In his new book, "Failure to Adjust: How Americans Got Left Behind in the Global Economy," Edward Alden, a senior fellow at the Council on Foreign Relations, pointed out an often-forgotten factor of the decline in U.S. manufacturing since the 1960s: changing consumer demand.

"Rather than arguing over the jobs impact of Chinese import competition, it would be better if both countries acknowledged that there was some negative impacts, and worked together to build a more balanced and mutually beneficial trading relationship for the future," said Alden.

"If the relationship is poorly managed, if the negotiations on trade with China don't go well, and if tariffs are imposed on China, Americans will quickly see the effect," said Goldstein, "which would be an increase in the price of goods."

Michael D. Swaine, a senior fellow at the Carnegie Endowment for International Peace, said that the United States should not opt for "self-defeating economic actions such as a 45-percent tariff on Chinese imports."

When asked about his attitude towards some politician's notion about the containment of China, Hormats said this issue is "basically a dream that some people are living or their minds are in the last century somehow."

"The notion of containment never made any sense arithmetically and never made any sense politically," he said.

"It doesn't mean there won't be areas of dispute (between the two), there are going to be," Hormats said, "the lesson we've learned since the early 1970s is that these two countries work together to find mutually beneficial solution."

BEYOND BILATERAL TERRITORY

The U.S.-China relations have been well beyond the bilateral territories as the world's top two economies share responsibilities in dealing with many regional and global issues, like climate change, nuclear non-proliferation and countering terrorism.

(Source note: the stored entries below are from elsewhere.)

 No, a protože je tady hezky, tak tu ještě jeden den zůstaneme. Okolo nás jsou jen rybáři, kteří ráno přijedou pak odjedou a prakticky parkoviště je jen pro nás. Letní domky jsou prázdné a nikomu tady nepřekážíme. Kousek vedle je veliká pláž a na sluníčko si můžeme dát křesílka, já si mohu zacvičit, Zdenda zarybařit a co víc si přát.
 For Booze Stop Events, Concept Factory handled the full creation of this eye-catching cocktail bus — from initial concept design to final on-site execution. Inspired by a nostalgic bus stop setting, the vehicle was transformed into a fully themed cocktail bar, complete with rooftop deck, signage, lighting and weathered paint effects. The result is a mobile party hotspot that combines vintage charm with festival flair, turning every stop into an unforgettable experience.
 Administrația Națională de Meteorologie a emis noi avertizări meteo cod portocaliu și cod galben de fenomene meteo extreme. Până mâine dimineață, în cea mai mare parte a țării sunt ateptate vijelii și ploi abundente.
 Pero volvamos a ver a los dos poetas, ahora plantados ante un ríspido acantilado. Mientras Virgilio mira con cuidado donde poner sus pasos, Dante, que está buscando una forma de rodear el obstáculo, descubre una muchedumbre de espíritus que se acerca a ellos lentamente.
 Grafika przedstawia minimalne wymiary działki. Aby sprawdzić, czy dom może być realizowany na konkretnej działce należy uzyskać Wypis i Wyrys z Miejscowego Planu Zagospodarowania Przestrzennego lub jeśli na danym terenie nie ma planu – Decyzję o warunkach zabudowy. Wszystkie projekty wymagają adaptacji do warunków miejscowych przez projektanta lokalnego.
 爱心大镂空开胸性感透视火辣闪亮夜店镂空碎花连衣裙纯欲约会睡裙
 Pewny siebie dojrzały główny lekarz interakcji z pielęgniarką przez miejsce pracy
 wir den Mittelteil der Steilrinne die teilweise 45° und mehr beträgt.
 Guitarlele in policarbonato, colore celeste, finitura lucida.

"Premier Zhou (Enlai) made one point," Hormats recalled his interactions with Chinese leaders in his first visit to in China in 1973. "He said 'look, two great powers should work on great projects, have great goals'."

"I think that if the world is going to resolve global problems, a very good relationship with China is essential, which both sides need to work on to make sure, because it's in both sides' interests to have that kind of relationship," he said.

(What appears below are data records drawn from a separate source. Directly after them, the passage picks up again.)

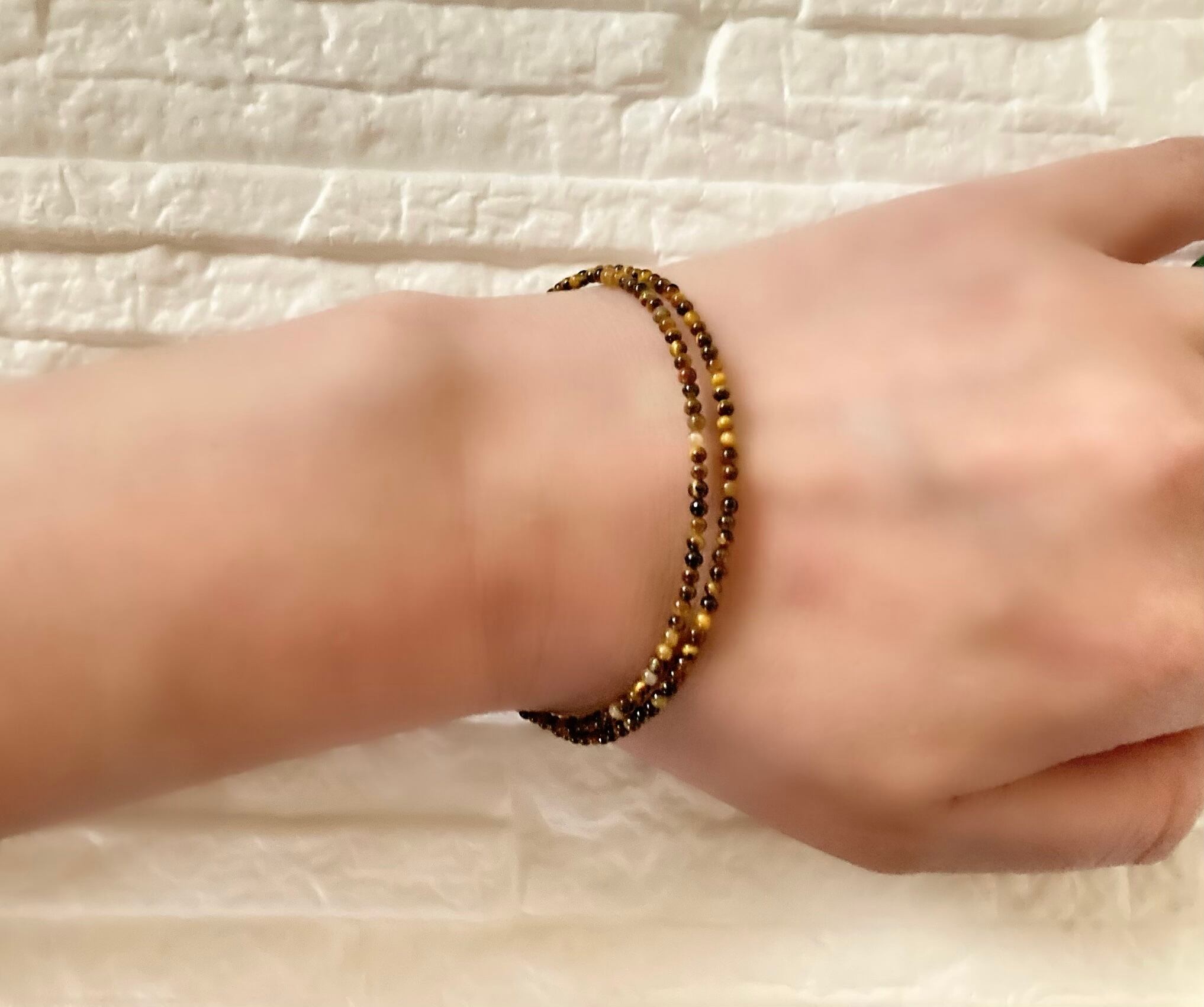 タイガーアイの2mm玉を使用した、片手でも脱着し易い二重巻きブレスです。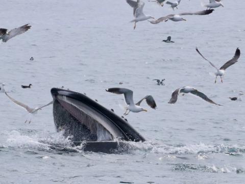 Report from Elding: In the afternoon weather was still calm, light breeze was nicely refreshing as sun was strong. Bay was still full of life and around 50min after departure we started to see so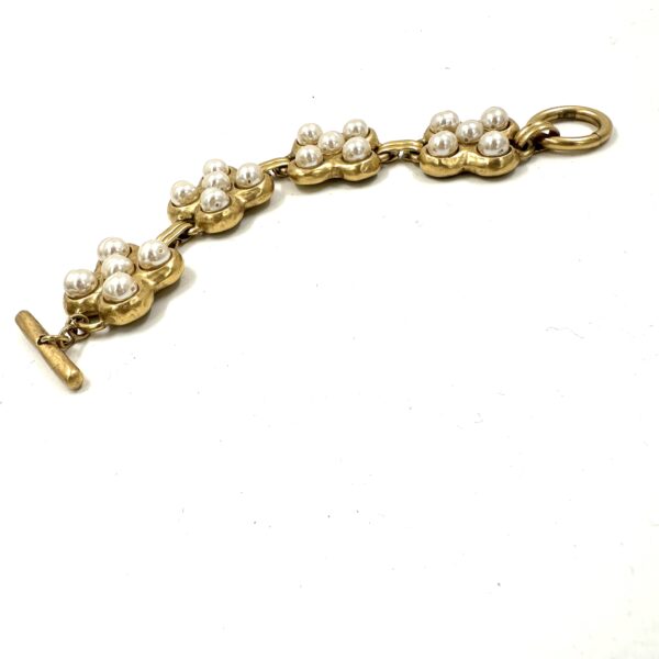 This gorgeous Robert Lee Morris for Donna Karan Pearl Link Bracelet is a classic elegant look that was part of the 1988 Spring collection. Four organic square forms, each with 5 glass pearl inset, are linked and finished with a toggle closure.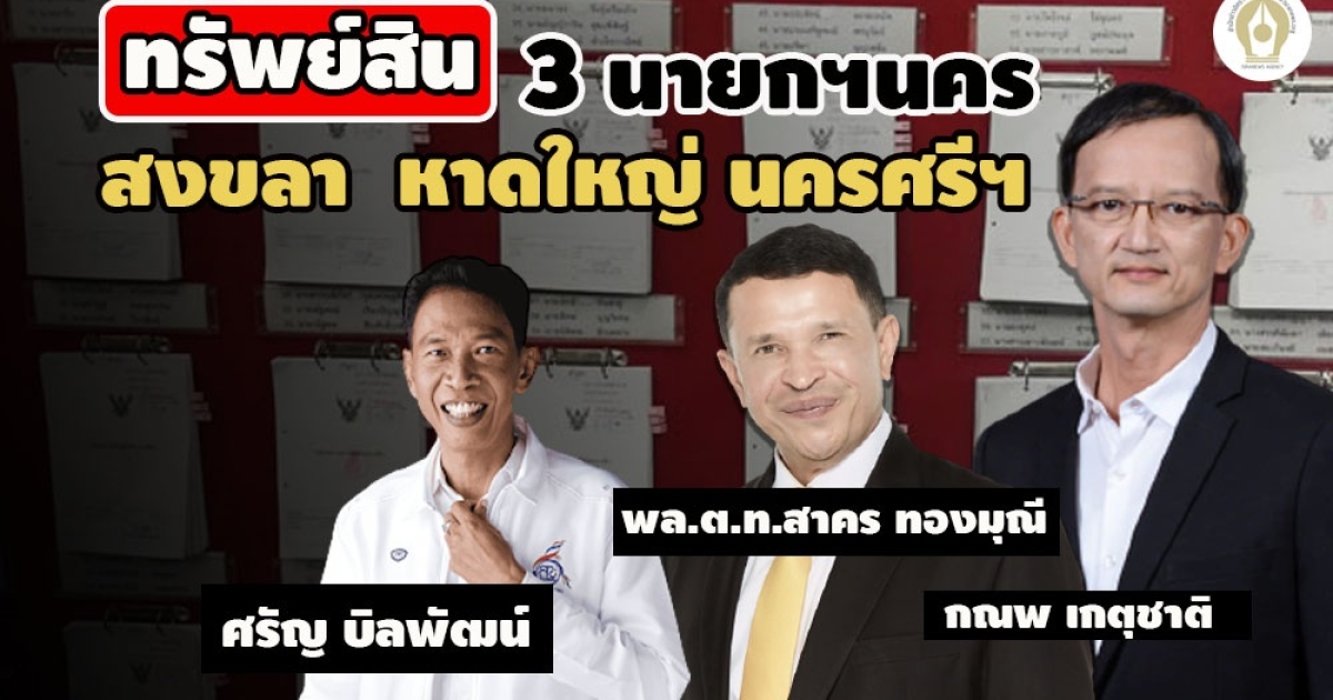 ข้อมูลบัญชีทรัพย์สิน 3 นายกเทศมนตรีนคร นครสงขลา หาดใหญ่ นครศรี ฯ : พล.ต.ท.สาคร ทองมุณี คู่สมรส มากสุด 73.8 ล. ภรรยาเงินฝาก 28.2 ล. ส่วน‘ศรัญ บิลพัฒน์’ น้อยสุด 4.4 ล้าน แจ้งสถานภาพหย่าเมีย ขณะ ‘กณพ เกตุชาติ’ 54.7 ล้าน รวมภรรยานอกสมรส ถือหุ้น 5 บริษัท ให้กู้บริษัทตัวเอง 2 แห่ง 25 ล.

Goldstein also supported the view that the United States should not try to "prevent China from playing a bigger role in the global economy," but should rather figure out "how to cooperate with China in addressing the problems of the global economy and managing some of the difficult trade and financial issues that come up in international economics."

The best example of such cooperation is that the two countries have joined hands and worked together with other countries to counter the international financial crisis and promote a global economic recovery, said Timothy Geithner, treasury secretary during the first term of the Obama administration, at a recent forum on U.S.-China relations.

"If the U.S. and China had not moved forward in climate change conversations, the Paris Agreement would not have happened," said Jacob Lew, treasury secretary from 2013 to 2017 under the Obama administration.

"The U.S. and China have much more to gain from cooperation than from conflict," said Jeseph Nye, who was deemed as one of the top 100 Global Thinkers by the Foreign Policy in 2011, in an interview with Xinhua.

Obviously, the world too, has much more to gain from a cooperative than a hostile U.S.-China relationship.